The FDA updated its blood donor screening guidelines in 2023, replacing the older policy that deferred men who have sex with men as a blanket category. The current approach uses individual risk-based questions for all donors, regardless of gender or sexual orientation. These questions focus on specific recent behaviors, like having a new sexual partner or multiple partners in the past three months, rather than on identity. This change brought U.S. policy in line with the scientific evidence on HIV transmission risk and modern blood testing capabilities.

How Often You Can Donate

The required gap between donations depends on what you’re giving. For whole blood, you need to wait at least eight weeks (56 days) between donations in the U.S. Double red cell donations, which collect twice the red cells in a single session, require a longer gap of about 16 weeks. If you donate platelets or plasma through apheresis, you can return as soon as two weeks later, since those components regenerate much faster than red blood cells.

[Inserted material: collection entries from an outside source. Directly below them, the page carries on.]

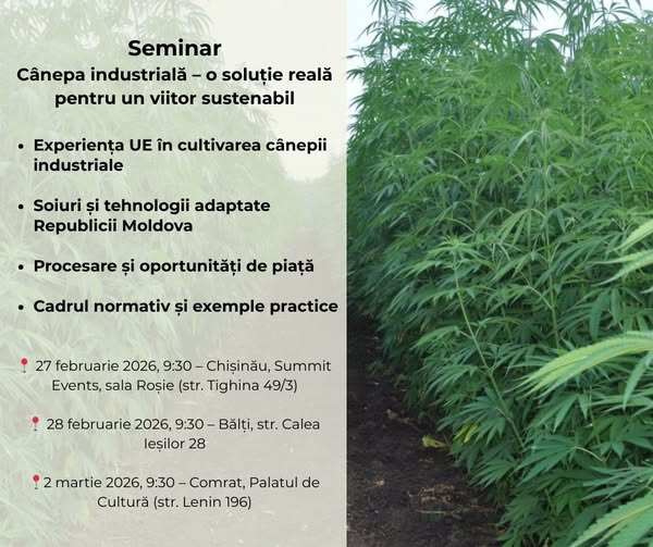Agenda include prezentări despre experiența statelor membre ale Uniunii Europene, inclusiv a Cehiei, în producerea cânepei în scopuri industriale, soiurile recomandate pentru Republica Moldova, tehnologiile de cultivare și recoltare, procesarea post-recoltare și oportunitățile de comercializare. De asemenea, vor fi abordate aspecte privind valorificarea potențialului bioeconomic al cânepei industriale.
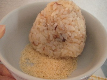 3.2のおにぎりにパルメザンチーズをまんべんなくまぶして出来上がり!
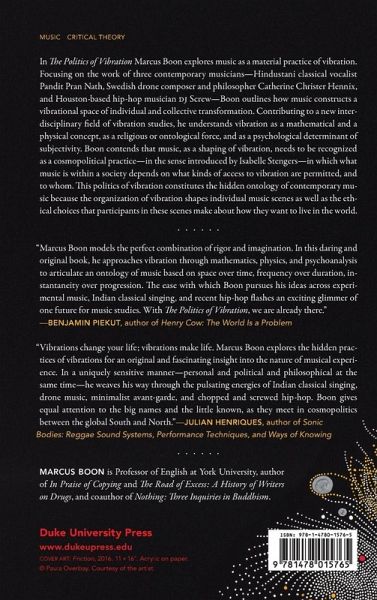 In The Politics of Vibration Marcus Boon explores music as a material practice of vibration. Focusing on the work of three contemporary musicians-Hindustani classical vocalist Pandit Pran Nath, Swedish drone composer and philosopher Catherine Christer Hennix, and Houston-based hip-hop musician DJ Screw-Boon outlines how music constructs a vibrational space of individual and collective transformation. Contributing to a new interdisciplinary field of vibration studies, he understands vibration as a mathematical and a physical concept, as a religious or ontological force, and as a psychological determinant of subjectivity. Boon contends that music, as a shaping of vibration, needs to be recognized as a cosmopolitical practice-in the sense introduced by Isabelle Stengers-in which what music is within a society depends on what kinds of access to vibration are permitted, and to whom. This politics of vibration constitutes the hidden ontology of contemporary music because the organization of vibration shapes individual music scenes as well as the ethical choices that participants in these scenes make about how they want to live in the world.
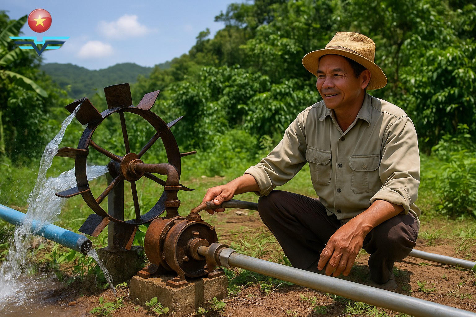 Driven by the challenge of supplying water to 2 hectares of hillside crops, Phan Chang asked himself: “Why not use the power of flowing water itself to lift water uphill?”
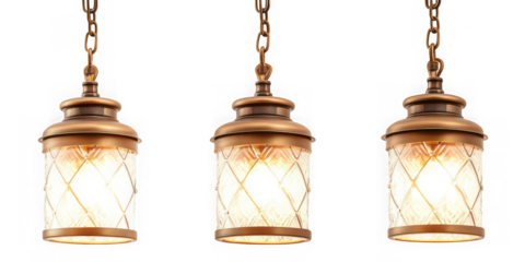 Collection of  three hanging lights with chain and patterned glass against black background real image, no blur, clear image, hd, full hd, photos, isolated white background
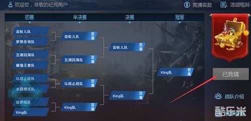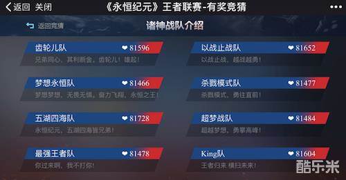 本次出征的战队如下,各个队伍名称各有特色,各有各的霸气,其中“最强王者队”、“King队”都是叫王者队,到底谁才是王者呢?不过虽然名字好听,但最终是否能一一打败对手拿到我们最高荣誉奖杯,还是要看实力。
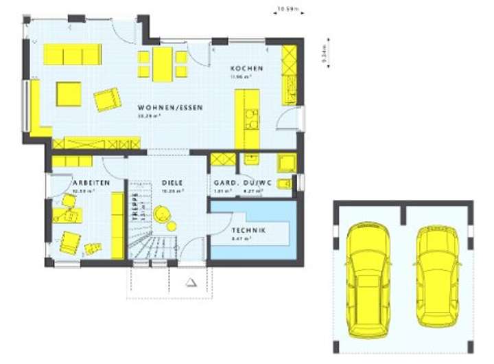 Das abgebildete Haus und die Grundrisse sind nur eine von vielen Möglichkeiten.
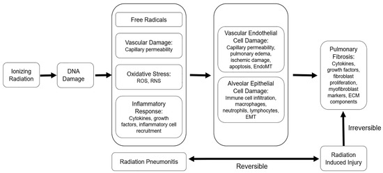 The pathophysiology of radiation injury: Ionizing radiation induces free radicals and DNA damage to promote oxidative stress, vascular damage, and inflammation, which manifest as radiation pneumonitis. Persistent inflammation sustains alveolar epithelial and vascular endothelial cell damage and contributes to pathological changes, including immune cell infiltration, capillary permeability, and pulmonary edema. Prolonged alveolar and vascular damage lead to epithelial-to-mesenchymal transition (EMT) and/or endothelial-to-mesenchymal transition (EndoMT) and eventually culminate in fibrotic changes. Adapted from Hanania, AN. Chest 2019, (156): 150 [1].

Frequent whole blood donors, particularly women before menopause, are at higher risk for iron depletion. Eating iron-rich foods like beans, lentils, leafy greens, and nuts between donations helps, and pairing them with vitamin C (citrus, berries) improves absorption.

What to Bring and How to Prepare

You’ll need a valid photo ID, such as a driver’s license or passport. Specific requirements vary by donation center, but government-issued ID is the standard.

In the hours before your appointment, drink at least 16 ounces of water and avoid alcohol and caffeine, both of which dehydrate you. Eat a meal beforehand, but skip high-fat foods like fried items or ice cream, since fat in your blood can interfere with testing. Focus on iron-rich foods in the days leading up to your donation to give your hemoglobin the best chance of clearing the screening.

The actual donation takes about 10 minutes for whole blood, with the entire visit, including registration, screening, and a short recovery period, lasting roughly an hour.